# Housing Prices in Recessions

Hypothesis: The mean housing prices in university towns is less affected by recessions that those in non-university towns. 

The three following datasets are used:
1. Median home sale prices from the Zillow research data site
2. A list of university towns in the United States from Wikipedia
3. The United States GDP over time in current dollars

## Data Cleaning

In [38]:
import numpy as np
import pandas as pd
from scipy.stats import ttest_ind

In [33]:
# Load university towns data
towns = pd.read_csv('university_towns.txt', sep = '\t', header = None)

# Clean up names
for i in range(len(towns[0])):
    if '(' in towns[0][i]:
        newname = towns[0][i].split('(')[0][:-1]
        towns[0].replace({towns[0][i]:newname}, inplace = True)
    elif '[' in towns[0][i]:
        newname = towns[0][i].split('[')[0]
        towns[0].replace({towns[0][i]:newname}, inplace = True)
towns.columns = ['RegionName']

# Get indices of states
indices = []
statesalph = ["Alabama","Alaska","Arizona","Arkansas","California","Colorado",
    "Connecticut","Delaware","Florida","Georgia","Hawaii","Idaho","Illinois",
    "Indiana","Iowa","Kansas","Kentucky","Louisiana","Maine","Maryland",
    "Massachusetts","Michigan","Minnesota","Mississippi","Missouri","Montana",
    "Nebraska","Nevada","New Hampshire","New Jersey","New Mexico","New York",
    "North Carolina","North Dakota","Ohio","Oklahoma","Oregon","Pennsylvania",
    "Rhode Island","South Carolina","South Dakota","Tennessee","Texas","Utah",
    "Vermont","Virginia","Washington","West Virginia","Wisconsin","Wyoming"]
    
for j in range(len(statesalph)):           
    stateidx = [i for i in range(len(towns)) if towns.iloc[i]['RegionName'] == statesalph[j]]
    indices.append(stateidx)

newindices = [indices[i][0] for i in range(len(indices))]
newindices.append(len(towns)) 

# Create State array
multiply = []
for i in range(len(newindices) - 1):
    multiply.append(newindices[i+1]-newindices[i])

statecol = []
for i in range(len(statesalph)):
    statecol.append([statesalph[i]]*multiply[i])

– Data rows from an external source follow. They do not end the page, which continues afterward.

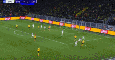 第42分鐘,吉拉西左路傳中,拜爾后點推射空門破門,多特2-0亞特蘭大
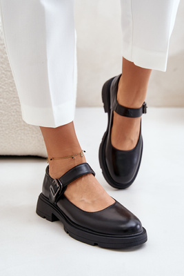Mocassins Femme En Cuir Eco Avec Sangle Noir Vinceza 62179
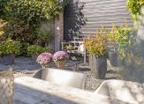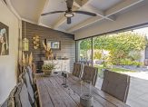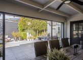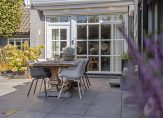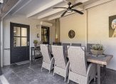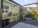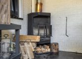 * Royale overkapping met houtkachel en hardglazen schuifpui;
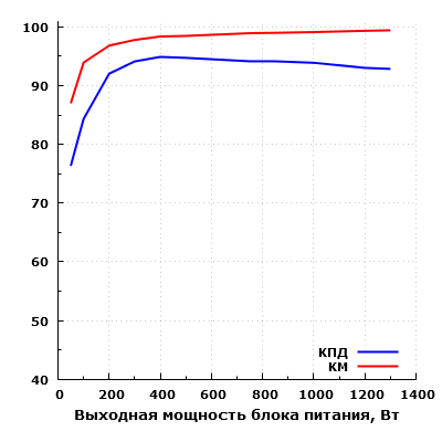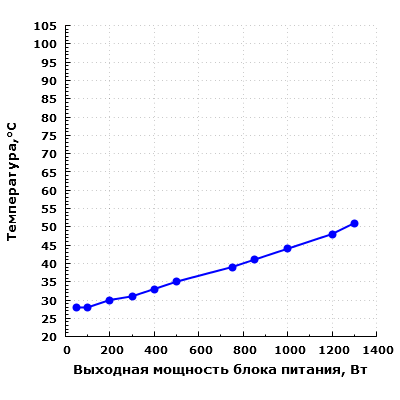 Всего таким образом мы измерили параметры блока питания в 11 точках. В результате максимальный КПД в нашем случае составил 94,9% при выходной мощности 400 Вт. Максимальная рассеиваемая мощность составила 100 Вт при выходной мощности 1300 Вт, что совсем немного для блока питания подобной мощности.
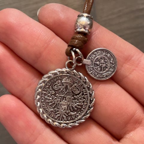 På baksiden er årstallet 1956 påmalt. Baksiden er i metall med klassisk nålefeste. Det er noe naturlig aldersrelatert slitasje og patina på baksiden, i tråd med alder, men nålen fungerer som den skal. Forsiden fremstår hel og pen.

flat_list = [item for sublist in statecol for item in sublist]

# Add State array to dataframe
towns['State'] = flat_list

# Drop states from regions
for i in range(len(towns)):
    if towns.loc[i]['RegionName'] == towns.loc[i]['State']:
        towns.drop([i], inplace = True)

# Reorder columns
towns = towns[['State', 'RegionName']]


In [10]:
# Load GDP data
gdp = pd.read_excel('gdplev.xls', skiprows = 5)

# Select wanted rows and columns
gdp = gdp[['Unnamed: 4', 'GDP in billions of chained 2009 dollars.1']]
n = gdp[gdp['Unnamed: 4'] == '2000q1'].index[0]
gdp = gdp.drop(gdp.index[0:n])
gdp = gdp.reset_index(drop=True)

# Find starts of recession
start = []
for i in range(len(gdp)-4):
    value1 = gdp['GDP in billions of chained 2009 dollars.1'][i]
    value2 = gdp['GDP in billions of chained 2009 dollars.1'][i+1]
    value3 = gdp['GDP in billions of chained 2009 dollars.1'][i+2]
    if (value2 < value1) & (value3 < value2):
        start.append(gdp['Unnamed: 4'][i])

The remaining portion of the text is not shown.